Surprisingly, the snowpenis' obituary inspired one of the perpetrators to confess to her actions. There is no way I could possibly do justice to the nobility of her cause, so here, in her own words and in full, is the Great Ballbreaker herself, Amy E. Keel:

To the editors:

I, Amy Elise Keel, proudly own up to the fact that it was indeed me—with my roommate—who dismantled the obscene snow penis “sculpture” in Tercentenary Theater. To call this a “cowardly act of vandalism,” as does Jonathan H. Esensten ’04 in his opinion piece, is absurd (Comment, “The Broken Phallus of Harvard Yard,” Feb. 19).

The penis “sculpture” was not an official Harvard installation, and the men who put it up had no permission to do so. It was perfectly within my rights to take down this object which was incredibly offensive to me. As a student of Harvard University, neither I, nor any other woman, should have to see this obscene and grossly inappropriate thing on my way to class. No one should have to be subjected to an erect penis without his or her express permission or consent.
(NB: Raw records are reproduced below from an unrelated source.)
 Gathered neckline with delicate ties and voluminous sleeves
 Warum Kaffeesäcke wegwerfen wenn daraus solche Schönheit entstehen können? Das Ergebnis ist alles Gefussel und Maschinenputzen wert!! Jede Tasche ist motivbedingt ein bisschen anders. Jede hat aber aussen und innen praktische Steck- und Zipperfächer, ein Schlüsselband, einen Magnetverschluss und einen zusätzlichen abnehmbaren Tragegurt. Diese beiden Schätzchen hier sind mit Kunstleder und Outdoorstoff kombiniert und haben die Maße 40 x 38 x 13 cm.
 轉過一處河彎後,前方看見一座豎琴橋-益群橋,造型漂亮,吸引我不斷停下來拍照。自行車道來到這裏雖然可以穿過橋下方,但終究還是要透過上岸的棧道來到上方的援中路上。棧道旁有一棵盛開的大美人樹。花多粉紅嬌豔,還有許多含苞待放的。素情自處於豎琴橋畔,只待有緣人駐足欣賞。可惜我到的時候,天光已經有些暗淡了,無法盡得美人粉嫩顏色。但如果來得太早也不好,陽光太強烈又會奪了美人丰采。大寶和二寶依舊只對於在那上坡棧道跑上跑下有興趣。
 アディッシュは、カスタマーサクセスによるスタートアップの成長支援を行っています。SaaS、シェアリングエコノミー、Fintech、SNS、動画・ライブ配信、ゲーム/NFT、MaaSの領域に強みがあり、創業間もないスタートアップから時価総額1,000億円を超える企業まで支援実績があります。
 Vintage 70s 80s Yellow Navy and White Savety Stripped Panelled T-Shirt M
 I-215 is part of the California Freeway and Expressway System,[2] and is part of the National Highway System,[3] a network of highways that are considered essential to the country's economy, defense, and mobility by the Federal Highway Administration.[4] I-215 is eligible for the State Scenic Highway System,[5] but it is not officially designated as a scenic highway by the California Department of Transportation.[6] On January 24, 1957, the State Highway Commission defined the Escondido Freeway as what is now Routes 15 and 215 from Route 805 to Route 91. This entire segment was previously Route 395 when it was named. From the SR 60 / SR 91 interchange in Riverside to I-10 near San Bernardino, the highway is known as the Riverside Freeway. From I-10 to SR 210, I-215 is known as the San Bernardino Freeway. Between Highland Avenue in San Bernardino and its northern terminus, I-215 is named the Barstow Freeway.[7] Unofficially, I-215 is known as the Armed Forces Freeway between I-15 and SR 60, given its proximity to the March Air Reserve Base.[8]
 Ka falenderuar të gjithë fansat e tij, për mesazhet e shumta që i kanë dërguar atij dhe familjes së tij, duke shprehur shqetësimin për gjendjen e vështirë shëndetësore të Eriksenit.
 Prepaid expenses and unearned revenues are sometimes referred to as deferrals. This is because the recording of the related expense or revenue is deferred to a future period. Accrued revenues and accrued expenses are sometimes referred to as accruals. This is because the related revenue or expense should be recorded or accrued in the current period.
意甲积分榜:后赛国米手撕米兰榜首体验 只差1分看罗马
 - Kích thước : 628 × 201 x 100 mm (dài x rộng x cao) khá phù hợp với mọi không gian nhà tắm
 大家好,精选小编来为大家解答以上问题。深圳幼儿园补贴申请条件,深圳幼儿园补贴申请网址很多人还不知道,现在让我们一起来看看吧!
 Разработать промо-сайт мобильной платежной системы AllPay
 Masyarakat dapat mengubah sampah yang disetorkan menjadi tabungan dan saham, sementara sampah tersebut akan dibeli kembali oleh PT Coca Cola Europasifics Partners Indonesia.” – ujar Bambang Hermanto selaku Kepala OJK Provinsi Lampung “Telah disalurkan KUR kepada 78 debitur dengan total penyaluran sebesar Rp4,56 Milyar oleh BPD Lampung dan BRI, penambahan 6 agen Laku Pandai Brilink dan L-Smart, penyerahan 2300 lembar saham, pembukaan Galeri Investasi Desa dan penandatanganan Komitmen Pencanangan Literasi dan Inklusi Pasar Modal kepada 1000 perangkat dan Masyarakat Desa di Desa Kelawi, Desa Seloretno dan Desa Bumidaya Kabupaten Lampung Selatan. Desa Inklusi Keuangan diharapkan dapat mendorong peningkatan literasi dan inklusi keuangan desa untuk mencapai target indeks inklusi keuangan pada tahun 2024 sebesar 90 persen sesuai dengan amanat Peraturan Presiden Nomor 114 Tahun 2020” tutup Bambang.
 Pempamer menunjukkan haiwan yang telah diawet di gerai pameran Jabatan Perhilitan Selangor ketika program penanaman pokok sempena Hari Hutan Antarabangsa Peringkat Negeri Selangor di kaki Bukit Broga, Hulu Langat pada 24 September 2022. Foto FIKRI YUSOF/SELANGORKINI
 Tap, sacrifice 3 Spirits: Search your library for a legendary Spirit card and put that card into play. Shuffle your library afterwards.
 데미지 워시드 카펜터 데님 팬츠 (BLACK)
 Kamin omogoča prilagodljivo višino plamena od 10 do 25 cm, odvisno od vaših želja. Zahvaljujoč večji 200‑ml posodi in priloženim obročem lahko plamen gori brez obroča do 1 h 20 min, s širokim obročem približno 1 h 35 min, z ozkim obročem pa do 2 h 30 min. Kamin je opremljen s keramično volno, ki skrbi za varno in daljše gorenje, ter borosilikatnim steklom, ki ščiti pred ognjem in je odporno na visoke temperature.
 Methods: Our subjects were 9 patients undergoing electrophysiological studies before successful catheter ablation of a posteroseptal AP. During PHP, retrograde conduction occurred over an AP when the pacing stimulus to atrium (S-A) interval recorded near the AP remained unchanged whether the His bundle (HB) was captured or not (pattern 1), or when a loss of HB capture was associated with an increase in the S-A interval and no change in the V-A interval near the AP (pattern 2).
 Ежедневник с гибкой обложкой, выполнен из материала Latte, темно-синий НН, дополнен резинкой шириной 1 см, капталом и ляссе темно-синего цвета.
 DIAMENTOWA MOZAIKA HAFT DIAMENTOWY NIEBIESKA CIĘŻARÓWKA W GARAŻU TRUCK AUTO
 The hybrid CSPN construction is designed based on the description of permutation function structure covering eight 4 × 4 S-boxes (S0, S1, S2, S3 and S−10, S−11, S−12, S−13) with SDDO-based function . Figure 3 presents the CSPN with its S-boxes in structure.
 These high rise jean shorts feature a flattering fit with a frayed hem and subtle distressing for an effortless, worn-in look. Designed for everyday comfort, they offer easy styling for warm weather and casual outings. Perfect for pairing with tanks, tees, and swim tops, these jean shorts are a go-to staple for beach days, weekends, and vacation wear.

Many women and men, including myself, are the victims of sexual assault, child sexual abuse and rape. The unwanted image of an erect penis is an implied threat; it means that we, as women, must be subject to erect penises whether we like it or not. There was nothing “challenging” or “subversive” about the penis. The only thing it did was create an uncomfortable environment for the women of Harvard University.

Once again-—what my roommate and I did was not cowardly, but instead quite brave.

This penis was not the “symbol of peace,” of which Esensten writes in his comment. These men felt that it was their right to build this pornographic sculpture whose only purpose could be to assert male dominance. I am dismayed that The Crimson chose to both publish the picture of the snow penis and Esensten’s commentary, both of which were extremely offensive.

Amy E. Keel ’04

Feb. 20, 2003

Let the record show that I very nearly wet my pants laughing as I read this. All of it. Every last passionate, earnest sentence of this, the Great Phallic Upheaval of 2003.

Let the record also show that I am glad that I can rest fully assured that the future leaders of the Free World will be able to prudently dispatch any menacing nine-foot ice-penises. The parents of these freedom fighters must be so proud to know that their 150,000 dollars in tuition fees are funding such heroic and laudable efforts!

Now if you'll excuse me, I have an ice sculpture to make...

For a picture and the latest news on the debate, check out But don't say I didn't warn you.
Update, 2007: I linked to this node for a daylog and found that the majority of really funny nodeshells and nodes I used for this writeup are gone. That's sad.